Let me preface this by saying that I consider distributed discussions, wiki, etc., to go along with distributed code tracking long overdue. I say this because there is more wrong with distributed project management than is right and I am not seeing anything in discussion so far that goes beyond existing systems. My goal is not to attack individual ideas but rather to foster a conversation about the underlying problems and the state of the art of distributed project management offers little in terms for constructive critique of anything.
Every attempt to crack the problem I have come across shares the understandable problem of approaching it from the DVCS side. After all, the architecture used to overcome structural challenges in overcoming centralization in code versioning should be easily applicable to related problems. Yes? No? Maybe. This is certainly the case in a larger sense of reasoning about distributed systems but breaks down when treating it as virtually the same exactly problem. Or even worse, as a subset of version control. The mental model is some variation of: it’s all documentation. This is not the case because otherwise it would be part of the documentation. What we are talking about here metadata about the project. While some of it may refer to a particular line, in a particular state, in a particular branch, residing in a particular repository in a general sense it does not. Let’s look at the most basic approach first.
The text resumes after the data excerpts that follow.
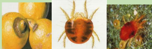
Ragnetto rosso ( Tetranychus urticae )

Consorzio di Tutela e Valorizzazione del Limone di Rocca Imperiale (CS)
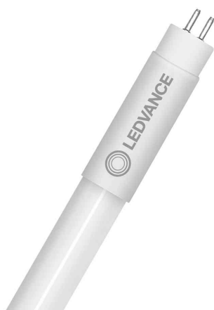
Visuel de référence : tube LED T5 SHORT
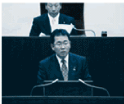
本議会で質問 (3月10日)
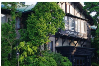
六甲山ホテル旧館外観
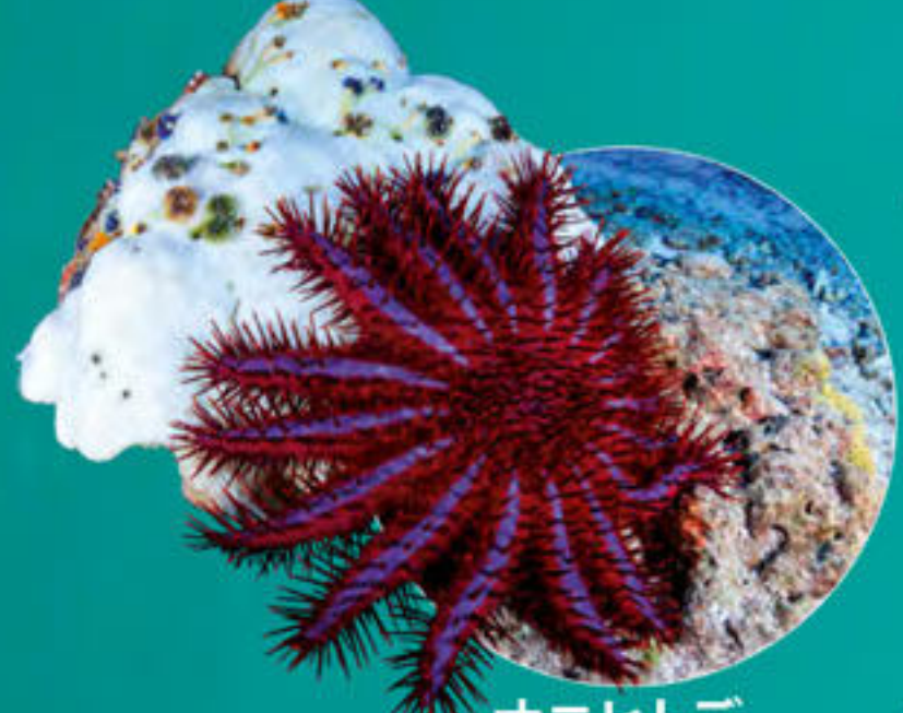
オニヒトデ Acanthaster planci
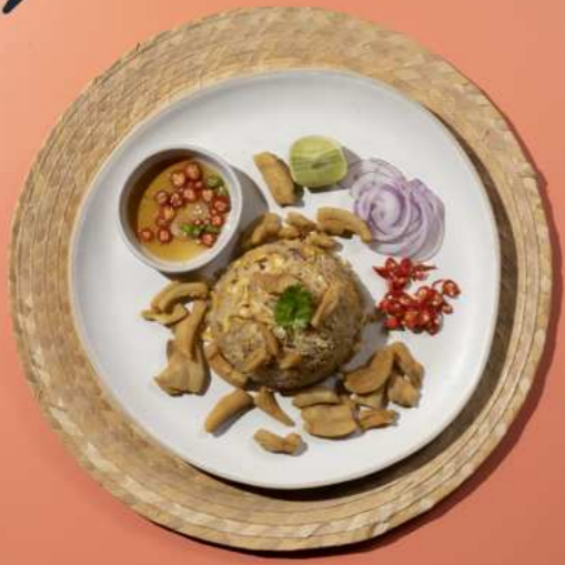
32 . FRIED RICE WITH PORK CRACKLING ข้าวผัดกากหมู 250.-
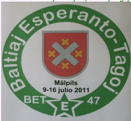
Ŝildo de 47aj BET, 9-16 Julio
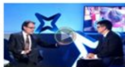
Mas avisa que els partits que facin pactes que obstrueixin el procés «pagaran el preu» el 27-S
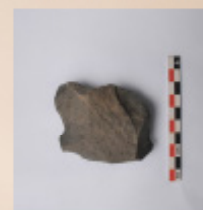
Raedera (SE Peña Las Cucharas, UE 1Lev4)
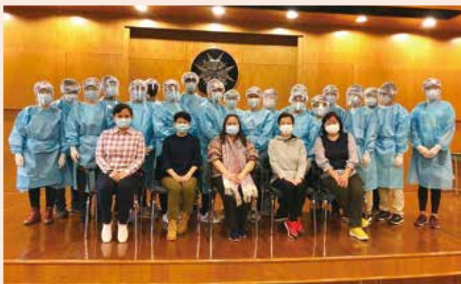
完成穿著個人防護裝備大合照
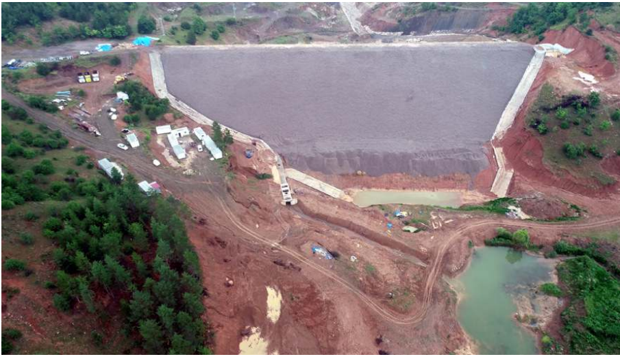
Geykoca Göleti'nde çalışmalar aralıksız devam ediyor.
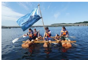
Gemeinsam auf dem See: Floßbauen der neuen Oberstufe
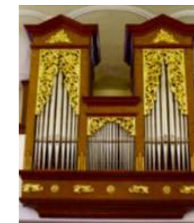
Die Vorderansicht der Orgel stammt noch aus dem Jahr 1863.

Die neue Orgel kostete 1863 knapp 1.000 Gulden. Umgerechnet auf den heutigen Geldwert wären das nur Euro 16.218,--. Steyregg hatte damals ca. 1700 Einwohner. Daraus ergibt sich durch einfache Umrechnung, dass eine von jedem Bürger geleistete Spende von Euro 10,-- die Orgel finanziert hätte. Ein durchschnittlicher Arbeiter (Handwerker) verdiente seinerzeit etwa 1 Gulden pro Tag, das wären heute Euro 16,20. Soweit zur guten alten Zeit! Mit dieser Veröffentlichung kann auch unsere Stadt einen kleinen Beitrag zum Brucknerjahr 2024 leisten.
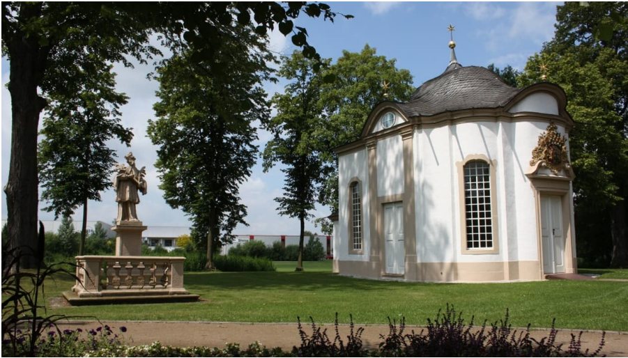
Johanneskapelle Rietberg
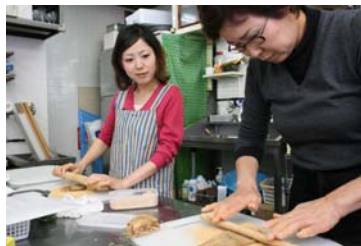
おぼんざい料理レッスン
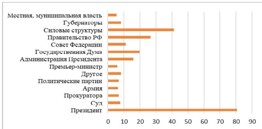
Рис. 2. / Fig. 2. Представления молодёжи о политических акторах, обладающих наибольшей властью / Youth Perceptions of Political Powerful Actors (%)

Стоит отметить, что за последнее десятилетие значимость политической роли Президента РФ и доверие к нему остаются в сознании граждан высокими [3; 14]. Согласно данным нашего исследования, наибольшей властью в современной России обладает Президент РФ, а затем уже силовые структуры, Правительство РФ, Государственная Дума РФ и Администрация Президента (рис. 2).
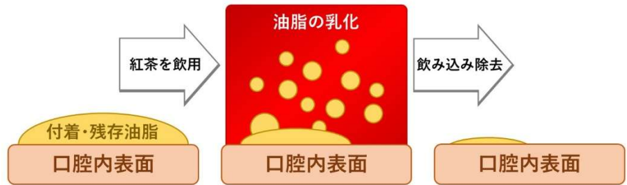
(図2) 紅茶が口腔内油脂を乳化・除去するイメージ
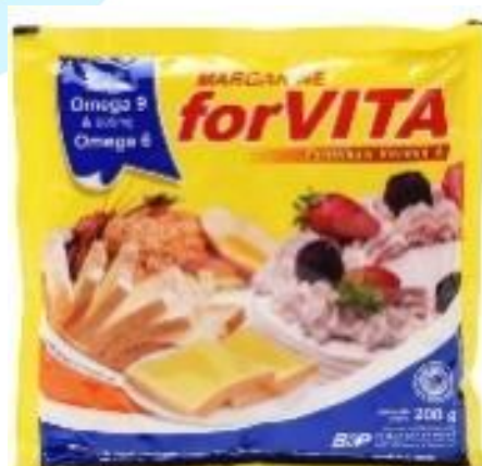
Gambar 2.5 Margarin Forvita
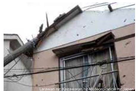
Tirahan na nasira dahil sa bumagsak na poste ng kuryente
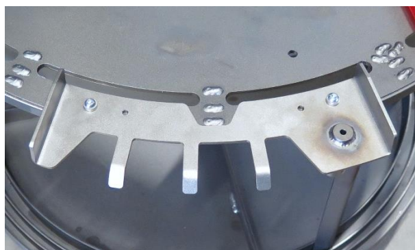
Schritt 4: beide Schrauben befestigt

Nun ist Ihr Zubehör montiert und Sie können die Surprise komplett zusammenbauen.
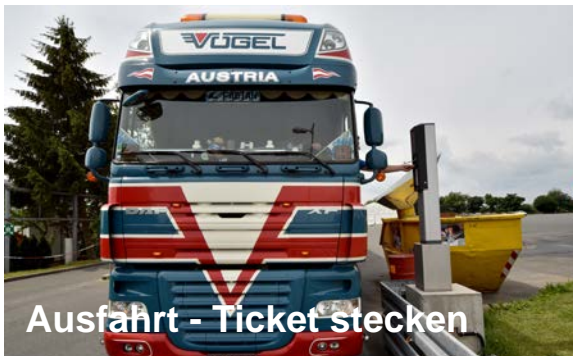
Ausfahrt - Ticket stecken

Hinweis: Unser Parkplatz ist nicht öffentlich und deshalb gibt es keine kostenlose Standzeiten für die kleine Pause oder zum Umbrücken.
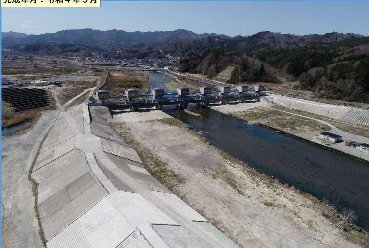
完成年月：令和4年3月
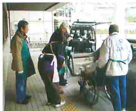
ちょっと緊張しています…病院ボランティア体験中!

い中での活動ですが、来院者とのちよとした出会い・ふれあい・助け合いを楽しみにその後も継続して病院での活動を続けています。 今回、受講された方の中には、あらかじめ自分の活動が決まっている方もいれば、何もわからないままとりあえず受講してみようと参加された方もいます。 多くは何をやっているのかわからないといった方たちでしたが、何らかのきつかけづくりにはなったのではないのでしょうか。 今回は反省会でもあがったものと具体的に知りたいとの声を受けて、テーマをしばらく、ボランティア講座を開催することになりました。 ★6頁に掲載!
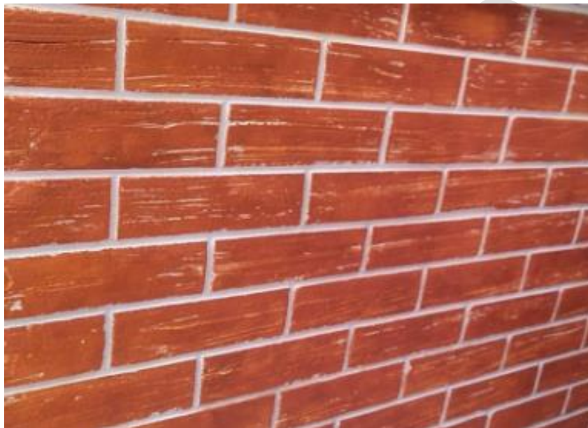
Imagem 2: Acabamento com efeito de tijolo à vista.

Os canteiros serão feitos em alvenaria de vedação com blocos de concreto com 14 cm de espessura, com cintas e pilares para amarração. Após o assentamento, será aplicado chapisco e argamassa com aditivo impermeabilizante nas faces internas e externas dos canteiros. O acabamento do canteiro será em tijolinho à vista feito manualmente na argamassa (imagem 2). Em sequencia será aplicado tinta acrílica, duas demãos, na cor Terra – Cota, Suvinil, equivalente ou superior.
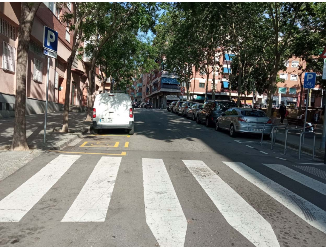
05. Tram carrer del Vesuvi des del carrer Formentera fins al carrer Palamós.

Dump it all in the same repository as the code with some automation to handle ticketing and whatnot. The later should clearly indicate an issue. Automated commits in general indicate an abuse of a VCS and automated commits of automatically generated data is particularly egregious. You would not automatically commit code every time you saved it, so you should not treat other data as a second class citizen. In one sense or another it is going to be out of sync with the actual code, clutter the log, pull in all sorts of metadata into what would otherwise be clean merges and generally will get in the way of dealing with version control. At the very least descriptions for anything but targeted wiki edits and new issues are all but assured to be repetitive junk. It is possible to mentally or pragmatically filter out all this noise but that’s a clear indicator that it may not belong in the first place. Enter separate but equal.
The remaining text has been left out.